*TRY IT*: From the entries below, reproduce exactly the lines from the one with "Kit de carrosserie" through the one with "作为对比:真正的艺术家Col", both included, without images.

*DATA LISTING*:
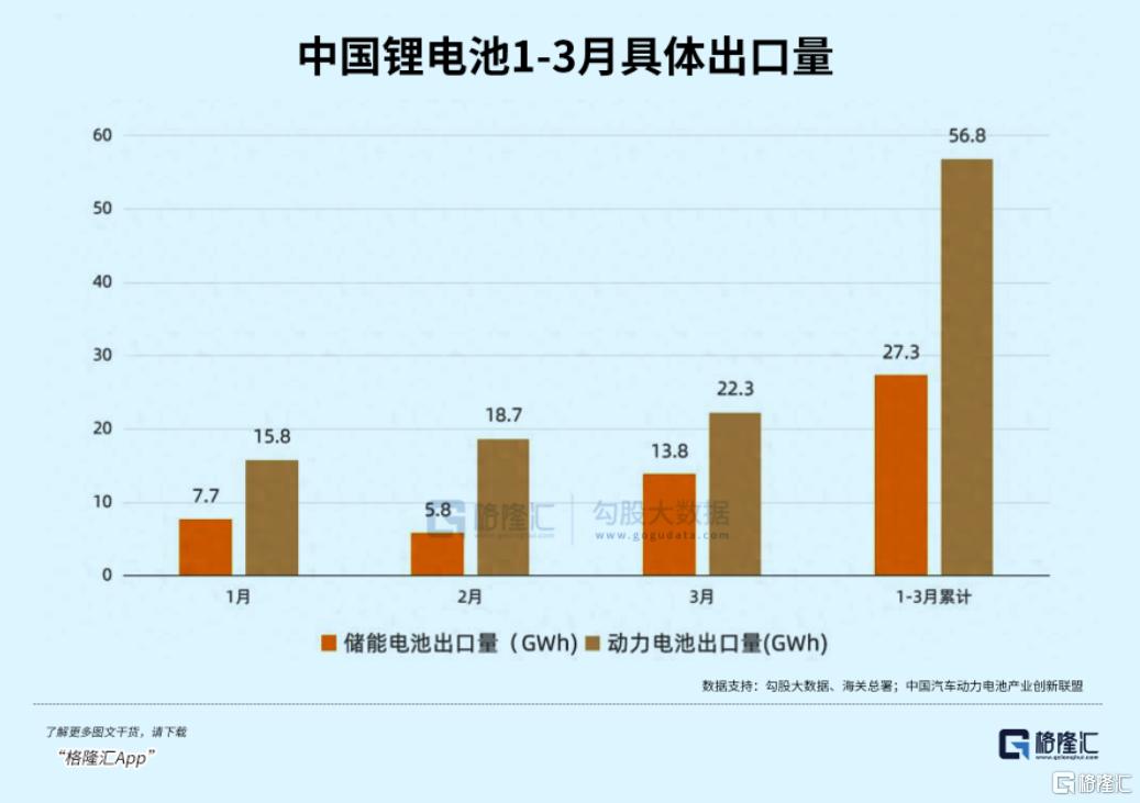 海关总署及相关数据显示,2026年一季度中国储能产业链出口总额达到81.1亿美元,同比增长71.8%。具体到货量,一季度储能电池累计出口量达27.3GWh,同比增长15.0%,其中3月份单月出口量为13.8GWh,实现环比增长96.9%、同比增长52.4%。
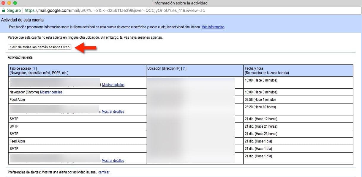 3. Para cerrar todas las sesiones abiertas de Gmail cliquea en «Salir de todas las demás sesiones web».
==
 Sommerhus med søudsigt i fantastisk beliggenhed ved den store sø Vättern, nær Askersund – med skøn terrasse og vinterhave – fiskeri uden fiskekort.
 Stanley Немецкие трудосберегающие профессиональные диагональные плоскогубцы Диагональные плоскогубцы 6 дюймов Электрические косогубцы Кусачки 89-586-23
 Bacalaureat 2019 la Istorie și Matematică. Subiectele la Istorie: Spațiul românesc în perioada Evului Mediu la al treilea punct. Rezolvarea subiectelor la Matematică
---
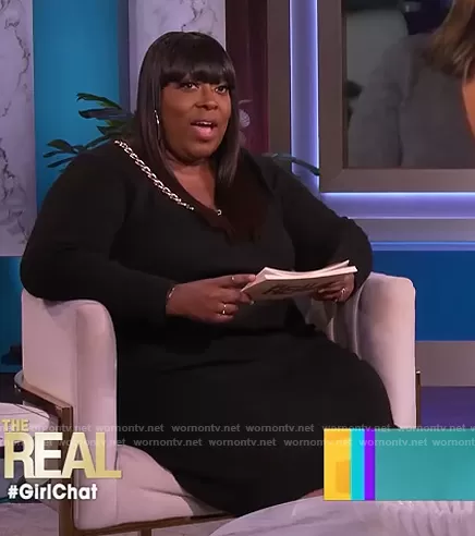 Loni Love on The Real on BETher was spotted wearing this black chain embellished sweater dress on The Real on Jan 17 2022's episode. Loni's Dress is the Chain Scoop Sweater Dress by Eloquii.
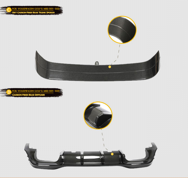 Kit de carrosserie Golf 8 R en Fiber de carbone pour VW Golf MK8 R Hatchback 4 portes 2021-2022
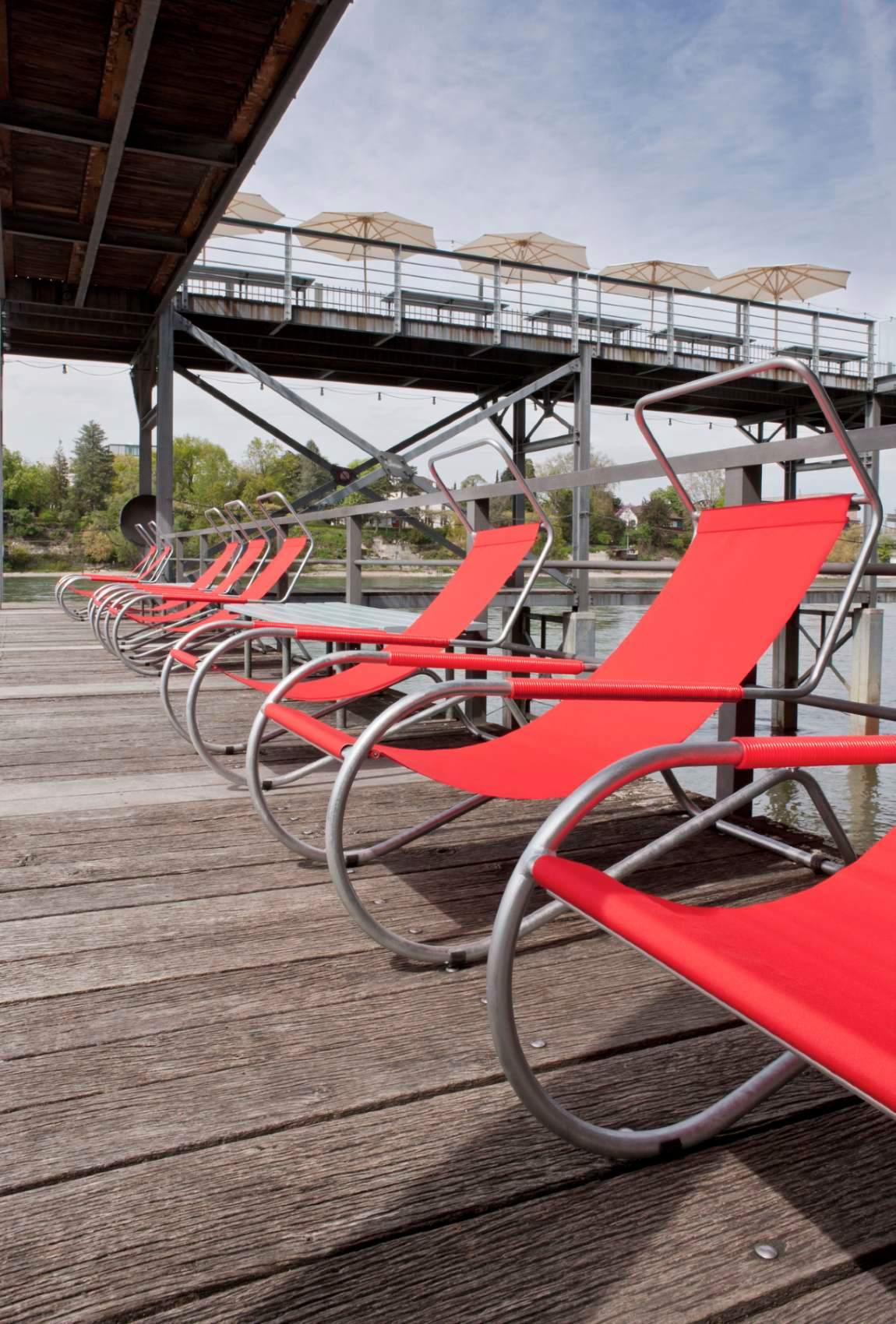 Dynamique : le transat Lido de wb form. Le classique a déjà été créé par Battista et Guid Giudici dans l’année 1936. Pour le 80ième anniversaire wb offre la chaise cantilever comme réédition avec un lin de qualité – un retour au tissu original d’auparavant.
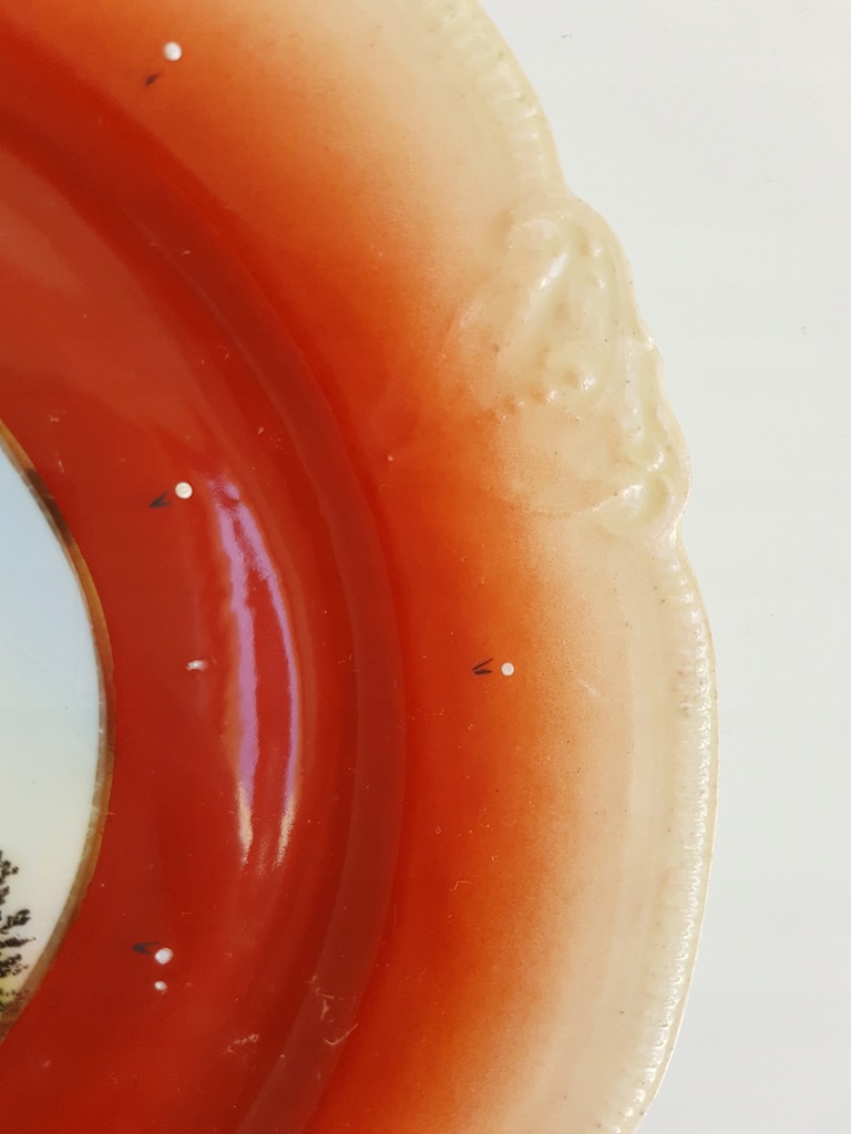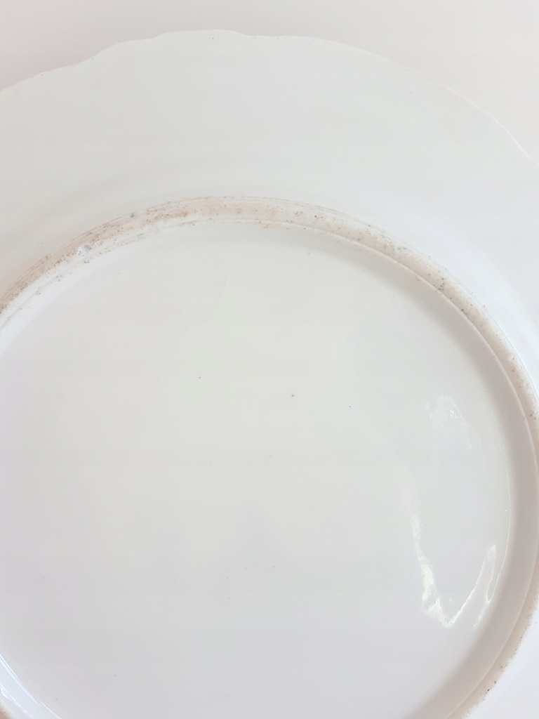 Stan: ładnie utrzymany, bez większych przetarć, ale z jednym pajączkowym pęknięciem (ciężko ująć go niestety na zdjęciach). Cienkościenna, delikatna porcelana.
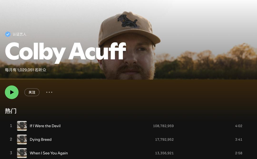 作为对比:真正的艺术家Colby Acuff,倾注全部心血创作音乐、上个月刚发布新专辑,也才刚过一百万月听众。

*SOLUTION*:
 Kit de carrosserie Golf 8 R en Fiber de carbone pour VW Golf MK8 R Hatchback 4 portes 2021-2022
 Dynamique : le transat Lido de wb form. Le classique a déjà été créé par Battista et Guid Giudici dans l’année 1936. Pour le 80ième anniversaire wb offre la chaise cantilever comme réédition avec un lin de qualité – un retour au tissu original d’auparavant.
 Stan: ładnie utrzymany, bez większych przetarć, ale z jednym pajączkowym pęknięciem (ciężko ująć go niestety na zdjęciach). Cienkościenna, delikatna porcelana.
 作为对比:真正的艺术家Colby Acuff,倾注全部心血创作音乐、上个月刚发布新专辑,也才刚过一百万月听众。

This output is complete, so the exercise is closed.